They trudged along in silence.

“Hope I’m wrong,” his father said when they reached the cars. “For your sake.”

“She’s nothing like you, you arrogant prick,” Ben had said.

It was the last time he spoke to his father for years. But as he let the pieces, fine as silt, sift through his brain now, a picture began to emerge, the way in a trick painting the background details settle into focus, becoming clearer than those in the foreground, forming an unexpected image—a picture composed of shadows, a wraith, perhaps, or a skull. And suddenly Ben’s confused, unanticipated emotions the night of the party—the rush of feeling for Alison, the swell of identification with her, and his own recoiling—began to make a horrible kind of sense.

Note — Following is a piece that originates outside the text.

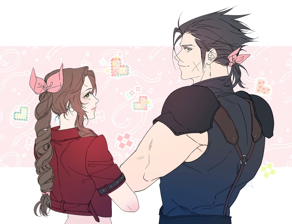 1boy 1girl aerith_gainsborough alternate_hairstyle armor belt black_hair black_shirt blush brown_hair commentary_request cropped_jacket cross_scar crossed_arms curly_hair facial_scar final_fantasy final_fantasy_vii flat_color flower green_eyes hair_ribbon hair_slicked_back hair_tie heart jacket korean_commentary light_smile long_hair looking_back medium_hair muscular muscular_male parted_bangs pauldrons pink_background pink_lips pink_ribbon pixel_heart pixelated polka_dot polka_dot_background ponytail red_jacket ribbon s_sohwagi_s scar scar_on_cheek scar_on_face shirt short_sleeves shoulder_armor sidelocks sleeveless sleeveless_shirt sleeveless_turtleneck standing suspenders turtleneck upper_body zack_fair

That boy has a crush on you.

All your strays.

Claire and Charlie.

The night she spilled her wine in his lap and they disappeared into the kitchen, leaving Ben and Alison to make awkward small talk. What were they doing in the kitchen all that time?

The rift with Alison.

Was Ben losing his mind?

Was he making this up out of some kind of deep-rooted insecurity?

Ben wasn’t a particularly jealous person. He didn’t see the point. As a kid he’d witnessed his father’s rabid, hypocritical jealous rages at his mother, and they sickened him. Anyway, he was used to people being infatuated with Claire. She was eminently, as a boorish drunk at a party had told him one night, “fuckable.” He knew, also, that part of her craved the attention, but this had seemed innocuous to him, a quirk of her psychology that played itself out in harmless flirtations. To be desired was enough, Ben had thought; it fulfilled her need.

It never occurred to him that she might act on it.

All at once, jealousy took root in Ben’s stomach like a hardy, noxious flower.

Claire’s distractedness, her distance, even her compassion. She’d been unnaturally nice to him lately, both in and out of bed. There was a distance and a cover in that. Sex had never been the primary bond between them; though at first, like most couples, they couldn’t keep their hands off each other, over the years their cohabitation had become so siblinglike that when they turned toward each other in the night it sometimes seemed almost inappropriate. Ben had always thought that their connection was based on a deeply felt, shared sense of irony, which tended to quash lust, a decidedly unironic feeling. To make mad love was to take it seriously, to admit to an earnest, naked need that the two of them didn’t often confess to. It helped when they were drunk, when self-consciousness was obliterated; after parties, late at night, they could be ravenous for each other.

But lately Claire had been approaching him with a disorienting sincerity—acting out, Ben thought now, a pantomime of desire. Was it pity sex? For the two of them to be ironic together meant that they shared a worldview; they were in sync. Her kindness to him now, on reflection, struck Ben as patronizing. Something was definitely going on. With a heavy heart, he realized he would have to find out what it was.

Or would he? He’d never been good at confronting people; it was so much easier to let things unfold, give emotions time to dissipate. And wasn’t it more natural that way? When he’d asked too many questions as a child it usually ended with his mother in tears and his father storming off. Ben had constructed his entire adult life on the premise that people should behave courteously toward each other; in his view, the rules of decorum and the right to privacy were inviolable. He didn’t want people poking and prying in the stew of his mixed feelings. Who knew what might rise to the surface? Putting Claire on the spot might provoke the issue unnecessarily.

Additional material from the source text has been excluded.